Palasë (Palasa; Παλάσα), also Paljasë (Paljasa; Παλιάσα), is a village in Himarë municipality (13 kilometres from the town), Vlorë County, southern Albania. It is located near the Llogara National Park and next to the Ionian coast on the Albanian Riviera. The village is inhabited by ethnic Greeks who speak the unique Himariote Greek dialect.

==History==
In classical antiquity, Roman writer Lucan recorded a site named Palaeste on the Ceraunian Mountains in Chaonia, which may correspond to modern-day Palasë. The name Palaeste is considered to be Illyrian. Palaeste was also considered as being geographically located in southern Illyria, next to Oricum. In Palaeste, Julius Caesar landed from Brundusium, in order to carry on the war against Pompey.

According to another local legend the settlement was initially located on the coast on a location once known as Meghalihora (Μεγάλη χώρα), but due to pirate attacks in 12th-13th century it was moved slightly inland. In the local Greek dialect of Himara the change /st/ > /s/ is a typical phonetic rule. Thus if Palaeste is linguistically connected with modern Greek Paliasa then this change must have taken place before 1582.

Palasë is recorded in the Ottoman defter of 1583 as a settlement in the Sanjak of Delvina with a total of 95 households. The anthroponymy recorded predominantly belonged to the Albanian onomastic sphere (e.g., Gjin Gjoni, Leka Kosta, Nika Pali), however, personal names reflecting broader Orthodox Christian anthroponymy - both Greek (e.g., Andrea Komnini, Jorgo Kristulli) and Slavic (e.g., Vaso Petko, Dhimo Bojko) - are also recorded.

In 1632 an Albanian school was established in Palasë. In 1663 a Greek school was established in Palasë.

The Italian missionary Giuseppe Schirò wrote in 1722 that Palasë was inhabited by Greeks. It is still not clear if there was any significant migration to or from the village. Andrei Sobolev in fieldwork in the 21st century further documented that the families Babe, Gjinajt, Çaço, Paço, Xhelilaj, and Mëhilli hailed from Dukat, while few others (Milaj, Papadhates) hailed from Krujë and the Peloponnese. In 1720, the villages of Himara, Palasa, Ilias, Vuno, Pilur and Qeparo refused to submit to the Pasha of Delvina.

Until the 1750s Himarë was composed of more than 50 villages, but by the end of the 1780s it comprised only 16, situated by the seashore from Saranda to Palasë. Later on, with Ali Pasha's defeat, the region of Himara shrunk to only seven villages. In 1872, a Greek elementary school was operating in Palasa sponsored by a wealthy local, Nasios Dimoulis.

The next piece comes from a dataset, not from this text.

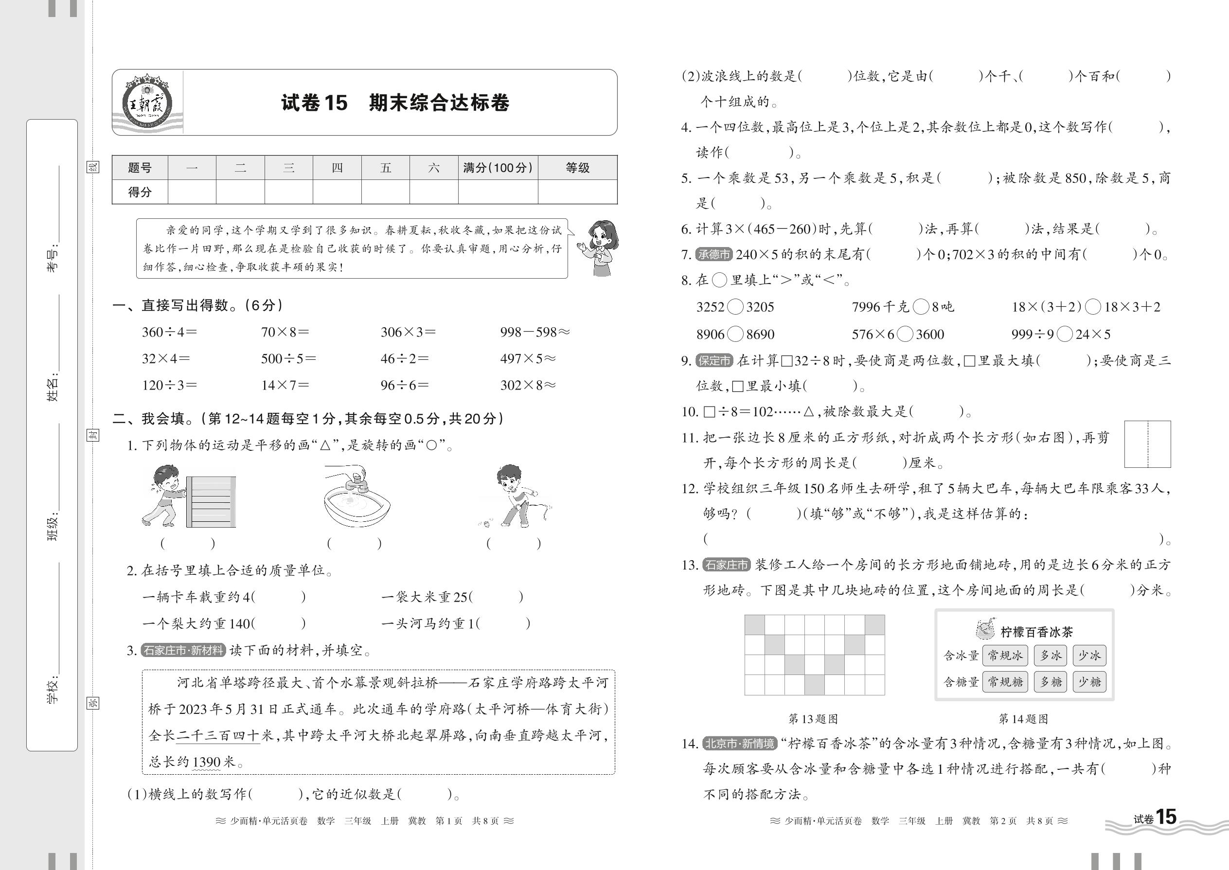 2024秋上册三年级数学冀教版 期末综合达标卷【15】

In 1914 Palasa joined the movement of Spyros Spyromilios during the establishment of the Autonomous Republic of Northern Epirus. In September 1916, the provinces of Himarë and Tepelenë became part of the Vlorë prefecture and were placed under the control of the Italian armed forces. The city of Himarë became the official capital of the region and was responsible for the administration of the traditionally Orthodox coastal villages of Palasë, Dhërmi, Kudhës, Qeparo, Vuno and Iljas. With the incorporation of the region in the Albanian state the locals were officially recognized as part of the Greek minority. In 1934 part of the local population asked for intervention by the League of Nations for the opening of a Greek school in the village. However, the minority status in Palasë was revoked during the People's Republic of Albania with the explanation that there were not enough Greek speakers.

==Geography==
The village is located several kilometres northwest of the town of Dhërmi, and is accessed via the main road leading out of the town. The Llogara Pass and Mount Çika are nearby. The Thunderbolt Mountains, the western chain of the Ceraunian Mountains, enclose the area on its northern and northeastern side. The area opens up on its southwestern side with the mountain of Çika and descends towards the Ionian coast, with the Greek Islands of Othonas and Corfu in the distance.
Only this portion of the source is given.